◆ **Assigned task**: Starting at the line containing "Wheatley aluminum Fly" and ending at the line containing "ขอเชิญร่วมส่งแรงใจให้ลูกหลานชาวบางหิน เด็กหญิงจิณัฐตา ชูหลง", transcribe the listing below exactly. Keep both end lines, skip the pictures, and copy nothing else.

◆ **Data records**:

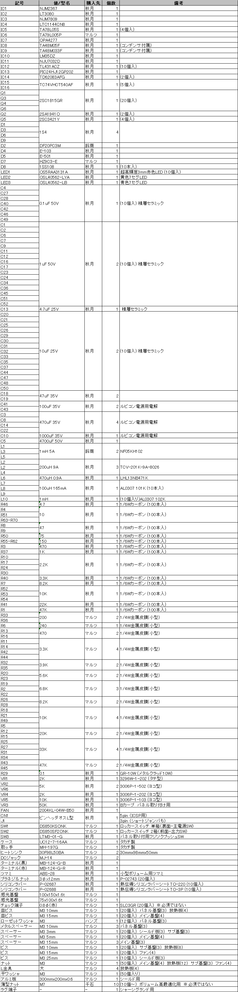 多くの主要パーツは、秋月で手に入ります。
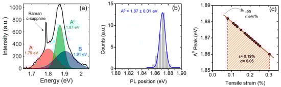 In detail, a deconvolution analysis performed on the spectrum of Figure 5a revealed the coexistence of three components. The A0 and B peaks located at 1.87 eV and 1.91 eV correspond to the excitonic emissions due to the spin-orbit coupling splitting of the MoS2 valence band [77]. Differently, the red-area convoluted peak at lower energy (1.79 eV) is related to the trion (also known as charged exciton) contribution, consisting of the bound state between an electron (or hole) and an exciton [78,79]. This deconvolution analysis confirms the absence of the defect-related peak XD, typically located at lower energy with respect to the trionic component. After a statistical analysis of different MoS2/GaN areas, we built a histogram of the excitonic peak energy A0, as reported in Figure 5b. This distribution showed a standard deviation of 10 meV around a mean value of 1.87 eV, indicating a spatially uniform PL emission from the sample surface. The energy of the main PL peak (A0) has been shown in the literature to be dependent on the strain of MoS2, with a red shift of the peak at increasing strain with a rate of −99 meV/% [72]. By applying this linear relation, the values of the tensile strain were calculated from the experimental values of the A0 peak energy, as reported in Figure 5c. From this analysis, strain values in the range between 0.08 and 0.3% were deduced, with a mean value of ε = 0.19 ± 0.05%, in good agreement with the previous estimation by Raman measurements.
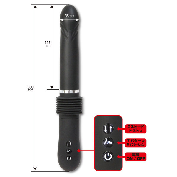 3段階のピストンスピードと7種類のバイブレーションを搭載!可動幅6cmの大迫力ピストンでポルチオに直撃しまくり、先端部分に搭載された強力モーターで快感振動が奥まで響き渡ります。
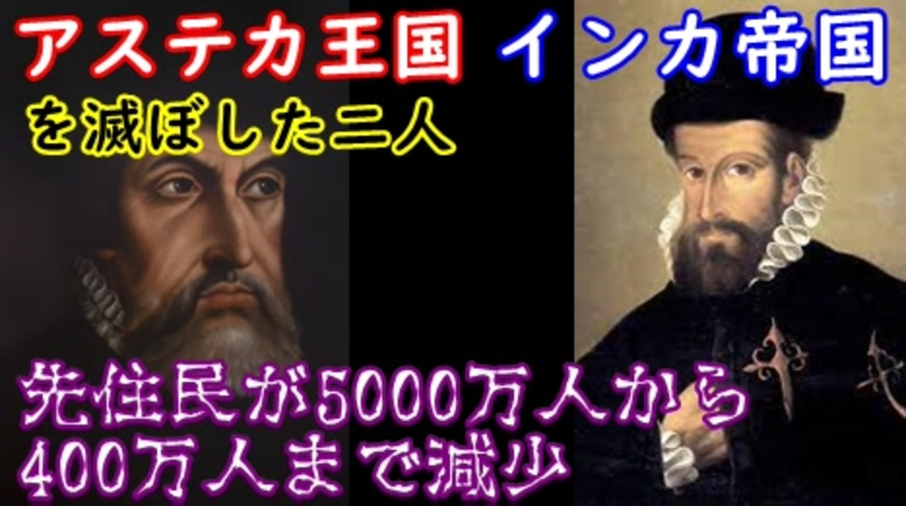 アステカ王国とインカ帝国を滅ぼした二人の解説です。<br>色々調べてたら思ってたイメージとは結構違くてびっくりしました。<br>世の中そんなことばっかりですね。<br><br>あと動画時間をいつもより短めにしたのと、いろいろごちゃついてた黒歴史解説シリーズ(事件やら発明やら)を"黒歴史列伝シリーズ"の一括りにすることにしました。<br>あくまでまだお試しの段階なので感想とかあれば教えてくださいな!<br>ニコニコでは関係ないのですが、YouTubeの方で収益剥奪されすぎて参っちゃったのでもう背景ゲーム画面制度で固定することにしました。なんやかんやこの方法が一番賛同されてた気がする。<br><br>part2→<a href="https://www.nicovideo.jp/watch/sm41505154" class="watch">sm41505154</a><br><br>僕のツイッター→<a href="https://twitter.com/lg3merasikyou" target="_blank" rel="noopener nofollow">https://twitter.com/lg3merasikyou</a><br>黒歴史解説動画集→<a href="https://www.nicovideo.jp/series/273916" target="_blank" rel="noopener">series/273916</a><br>part1集→<a href="https://www.nicovideo.jp/mylist/53269590" target="_blank" rel="noopener">mylist/53269590</a>
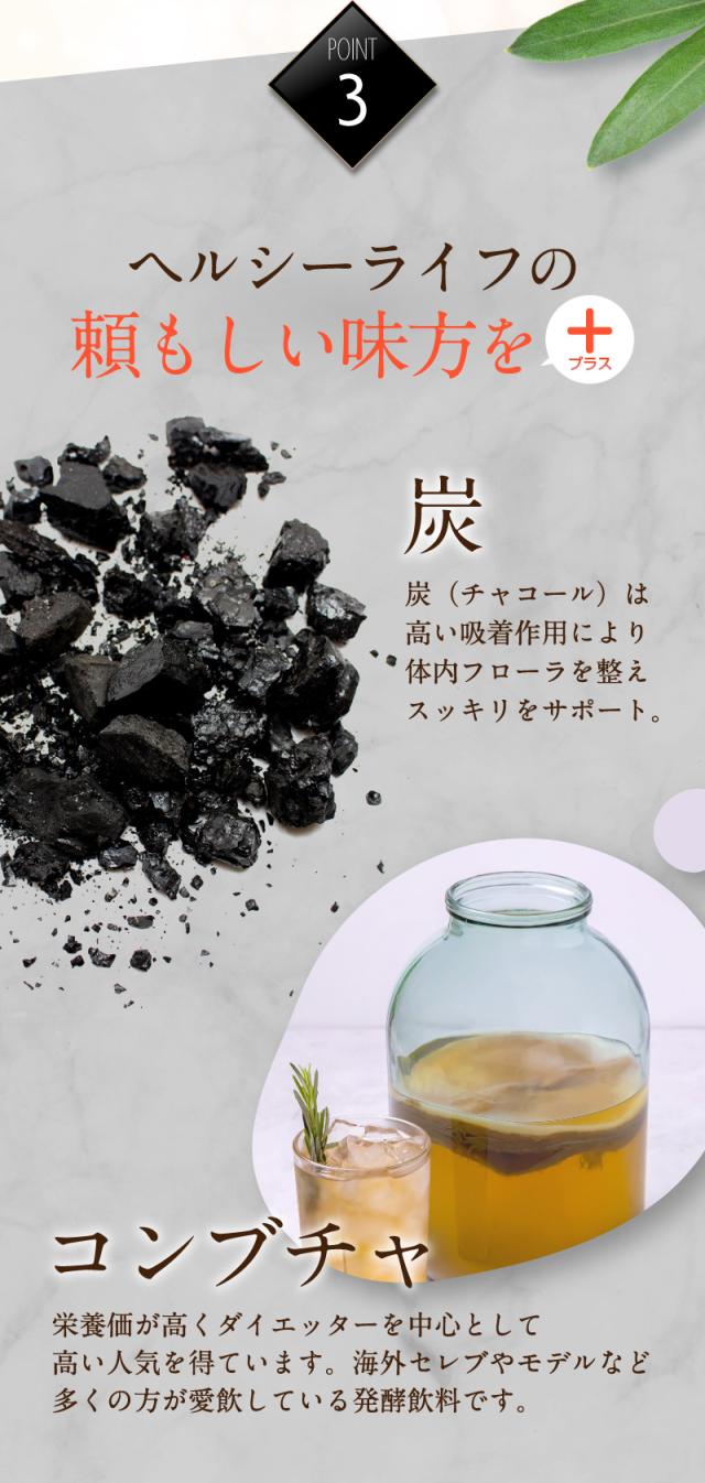 人気の成分、炭(チャコール)とコンブチャも配合しております。
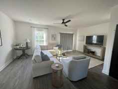 This gorgeous end-unit townhouse has plenty of green space and privacy. It features a full kitchen with very large island, double ovens, and stainless steel appliances. Washer and dryer are located in a large upstairs laundry room complete with a utility sink. The 3 floor layout provides lots of living space. The house is completely furnished with kitchen supplies, towels, and sheets included - READY TO MOVE IN NOW!
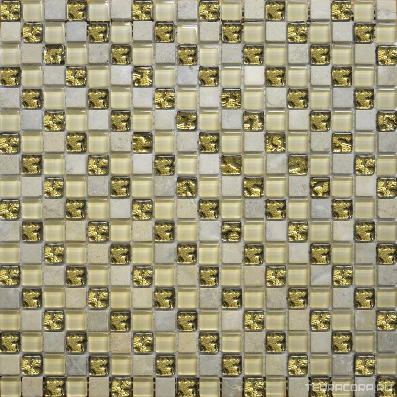 Мозаика Мастера Керамики коллекция Glass & Stone Мозаика Glass & Stone 2028 диагональ мрамор бежевый молочный-золото XX|30х30 Бежевый
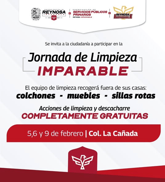 Este viernes 6 de febrero llevaremos acciones de limpieza en la colonia La Cañada, cuidando nuestros espacios públicos y el bienestar de las familias.
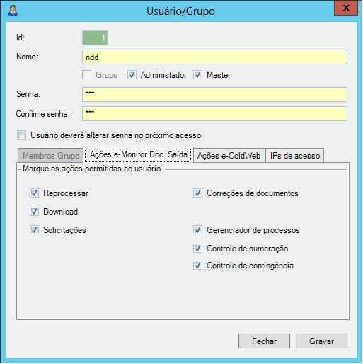 ▪Nome: Digite um nome para o usuário. ▪Grupo: Esta opção permite selecionar os usuários que farão parte do mesmo grupo. ▪Administrador: Esta opção determina se este usuário terá acesso ao e-Connector Settings, podendo assim efetuar alterações nas configurações. Caso esta opção não seja marcada, o usuário apenas terá acesso ao e-Monitor e ao e-ColdWeb. ▪Master: Esta opção, somente será utilizada pelo portal e-Forms Enterprise.
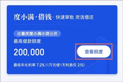 2、额度申请:通过点击[度小满 APP ]-[ 查看额度 ]
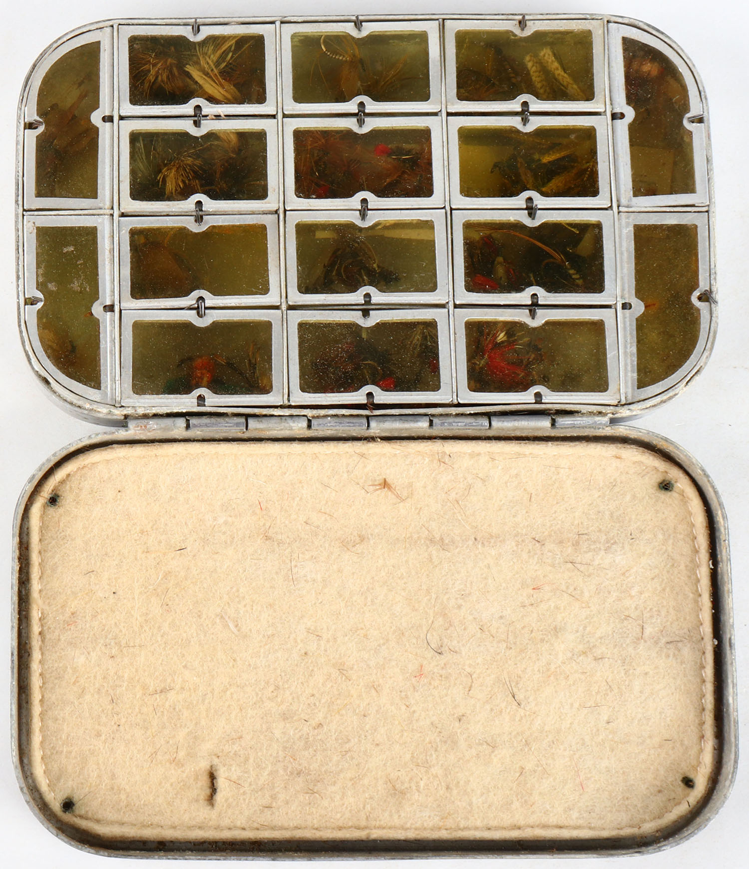Wheatley aluminum Fly wallet full of over 100 flies, 6'' wide. Grade: Excellent - Value: 10 to 50
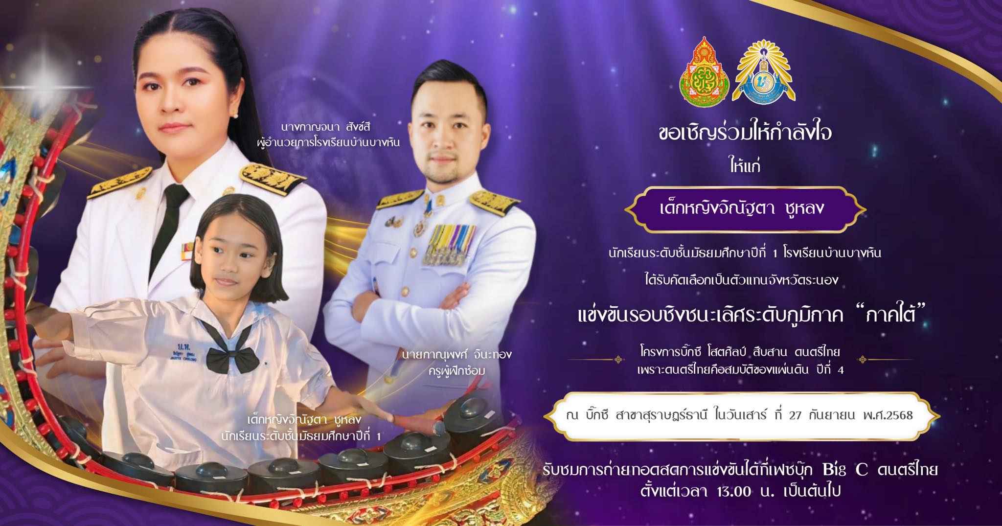 ขอเชิญร่วมส่งแรงใจให้ลูกหลานชาวบางหิน เด็กหญิงจิณัฐตา ชูหลง นักเรียนระดับชั้นมัธยมศึกษาปีที่ 1 เป็นตัวแทนจังหวัดระนองในการแข่งขันรอบชิงชนะเลิศระดับภูมิภาค “ภาคใต้”
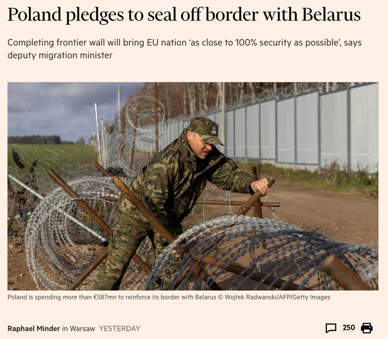 Як сказано у замітці, до наступного літа Польща має намір завершити будівництво прикордонної стіни та закрити кордон із Білоруссю, щоб зупинити приплив мігрантів, який Варшава називає гібридною війною Росії.

◆ **Written reply**:
Wheatley aluminum Fly wallet full of over 100 flies, 6'' wide. Grade: Excellent - Value: 10 to 50
 ขอเชิญร่วมส่งแรงใจให้ลูกหลานชาวบางหิน เด็กหญิงจิณัฐตา ชูหลง นักเรียนระดับชั้นมัธยมศึกษาปีที่ 1 เป็นตัวแทนจังหวัดระนองในการแข่งขันรอบชิงชนะเลิศระดับภูมิภาค “ภาคใต้”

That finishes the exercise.